Xi Associate Chen Appointed to Lead Major Chinese Metropolis

  • Change comes before Communist Party reshuffle later this year
  • Chen Miner becomes party chief of Chongqing province

A Chinese provincial party chief with ties to President Xi Jinping has been appointed to lead a major metropolis in the country’s southwest ahead of a Communist Party leadership reshuffle later this year.

Chen Miner, 56, was on Saturday named party chief of Chongqing, one of four centrally-administered municipalities alongside Beijing, Shanghai and Tianjin.

Chen Miner

Photographer: Lintao Zhang/Getty Images

Xi will preside over a once-every-five years power transfer later this year in which the majority of the ruling Politburo’s 25 members are expected to be reshuffled. Having his status announced as “core leader” at a party conclave last October could give Xi greater sway in deciding the next crop of leaders, particularly the smaller Politburo Standing Committee.

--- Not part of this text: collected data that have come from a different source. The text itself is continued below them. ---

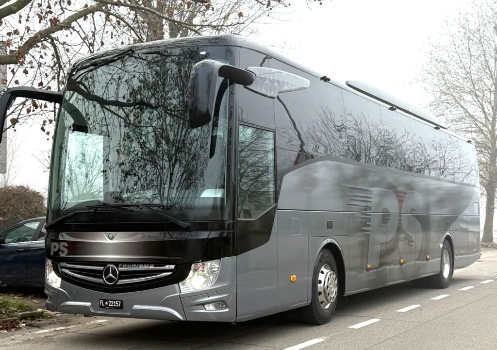 Ein topmoderner Reisecar mit 47 Sitzplätzen (44 Passagiere + 2 Reiseleiter + 1 Fahrer) ist für Sie unterwegs und stellt unter anderem Folgendes für eine entspannte Fahrt bereit.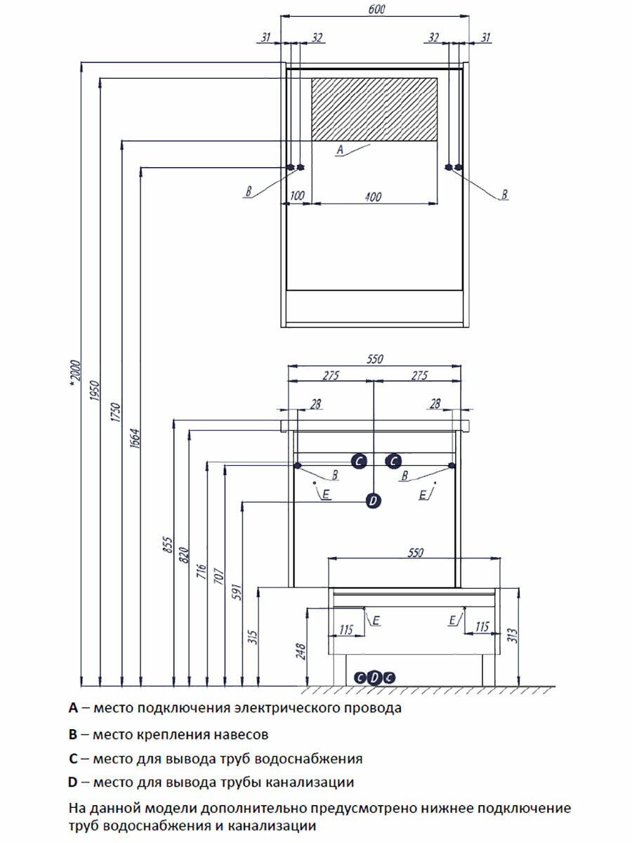Тумбы под умывальник Тумба под раковину AQUATON Капри 60 1A230101KP010 550x429x505 подвесная, 2 ящика, белый глянец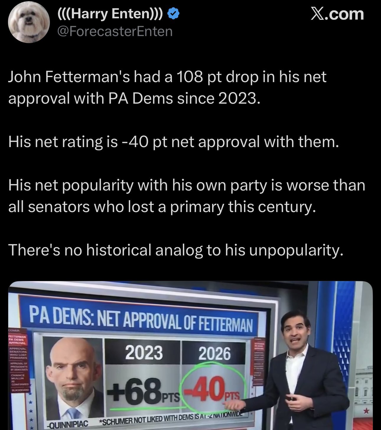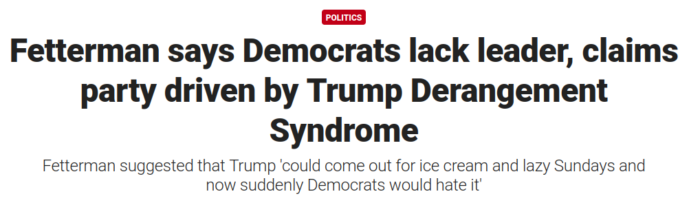 also Fetterman is going to go the way of Sinema minus sleeping with his bodyguard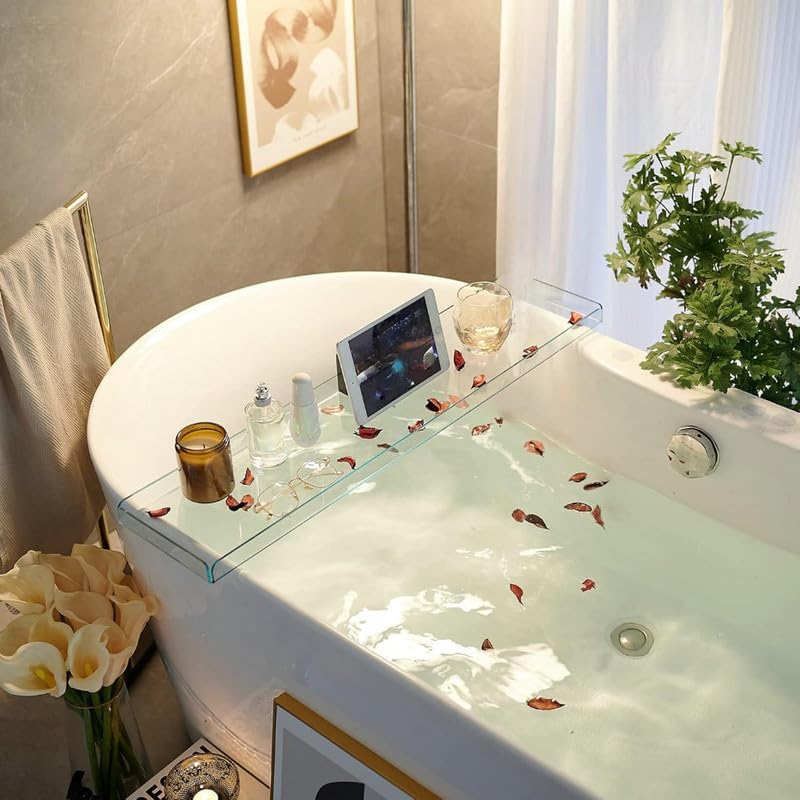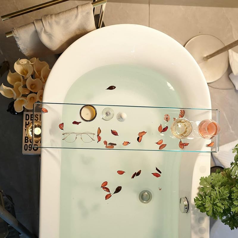 - صينية حوض استحمام فاخرة من الأكريليك: مصممة لتمتد بأناقة حوض الاستحمام الخاص بك، مما يوفر سطحًا أنيقًا وعمليًا لحمل الأجهزة اللوحية والكتب والنبيذ والشموع وأدوات النظافة أثناء الاستحمام المريح. يضيف لمسة من الفخامة إلى حمامك.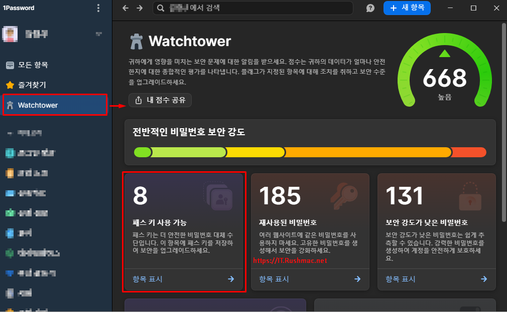 저는 1Password 유료 구독으로 사용 중이고, 현재 업그레이드하여 다음과 같이 확인할 수 있습니다.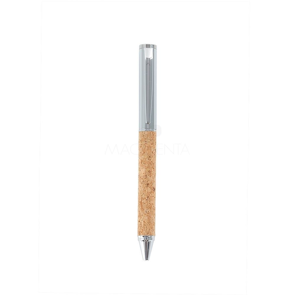 Caneta metálica com detalhe em cortiça, carga esferográfica azul 1.0mm e acionamento por rotação.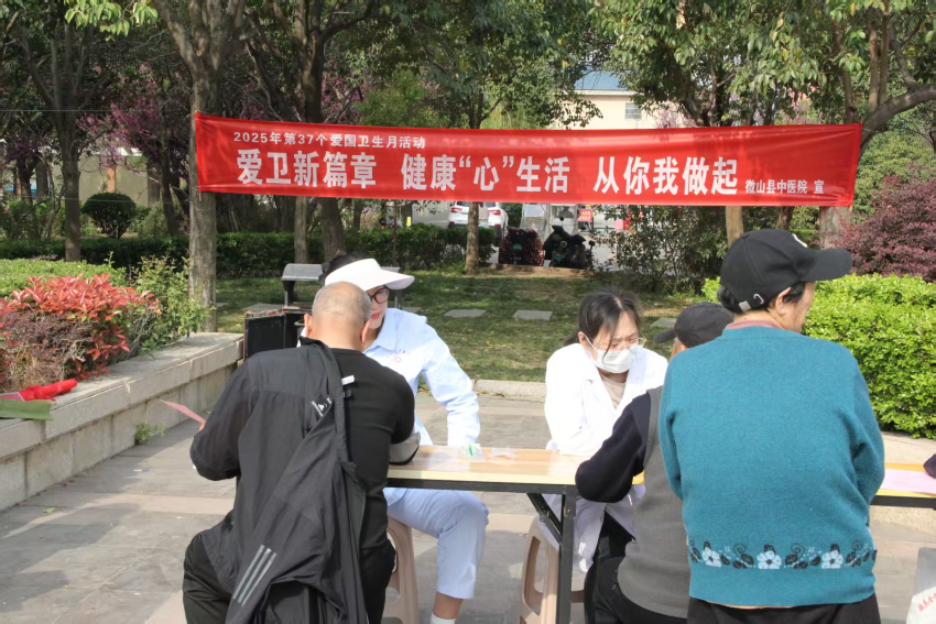 4月8日上午9时,以“爱卫新篇章 健康'心’生活”为主题的第37个爱国卫生月集中活动在苏园一村广场拉开帷幕。微山县中医院积极响应号召,组织医护人员深入社区,通过中医特色诊疗服务和健康科普宣教,为广大群众送上贴心医疗关怀,助力健康生活理念深入人心。

Chongqing’s party chiefs have been represented on the Politburo since 2007.

Chen’s career has dovetailed with Xi. He advanced to governor of the southwestern province of Guizhou -- his first provincial-level promotion -- in December 2012, shortly after Xi became overall party chief. In July 2015, Chen was promoted to provincial party chief, only the third regional party boss born in the 1960s.

As propaganda chief previously in Zhejiang, which Xi led from 2002 to 2007, Chen shepherded Xi’s regular column in the provincial newspaper. More than 200 of those columns were compiled into a book touted as the origins of Xi’s political philosophies.

Big Data

His major policy initiative in Guizhou was to promote the province as China’s big data hub. Guiyang, its capital city, hosted the China International Big Data Industry Expo in May, and Apple Inc. announced this week it would establish its first Chinese data center in Guizhou.

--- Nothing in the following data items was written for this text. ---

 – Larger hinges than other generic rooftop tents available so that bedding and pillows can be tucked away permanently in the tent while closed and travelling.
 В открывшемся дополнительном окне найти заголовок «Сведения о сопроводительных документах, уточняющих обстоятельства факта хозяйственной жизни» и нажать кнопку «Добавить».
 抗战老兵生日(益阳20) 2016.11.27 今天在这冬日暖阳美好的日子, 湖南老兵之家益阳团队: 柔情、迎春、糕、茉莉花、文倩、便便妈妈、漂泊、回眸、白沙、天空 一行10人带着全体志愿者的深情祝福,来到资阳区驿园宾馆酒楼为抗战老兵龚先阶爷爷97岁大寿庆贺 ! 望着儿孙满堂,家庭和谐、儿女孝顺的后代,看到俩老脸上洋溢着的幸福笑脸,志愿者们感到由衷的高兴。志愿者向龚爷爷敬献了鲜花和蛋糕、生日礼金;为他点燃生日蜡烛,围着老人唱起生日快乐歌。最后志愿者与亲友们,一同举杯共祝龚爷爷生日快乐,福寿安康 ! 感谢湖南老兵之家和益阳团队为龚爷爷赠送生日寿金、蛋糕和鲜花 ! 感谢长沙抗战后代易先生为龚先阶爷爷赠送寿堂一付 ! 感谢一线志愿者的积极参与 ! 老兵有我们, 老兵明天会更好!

The statement carried by the official Xinhua News Agency did not mention the status of departing Chongqing party chief Sun Zhengcai, one of the two youngest current Politburo members.

Chonqqing was at the epicenter of China’s elite politics five years ago in the lead-up to the 18th Party Congress. Bo Xilai, the then-party chief and a Politburo member, was convicted for corruption and his wife was also sentenced to life in jail over a murder case.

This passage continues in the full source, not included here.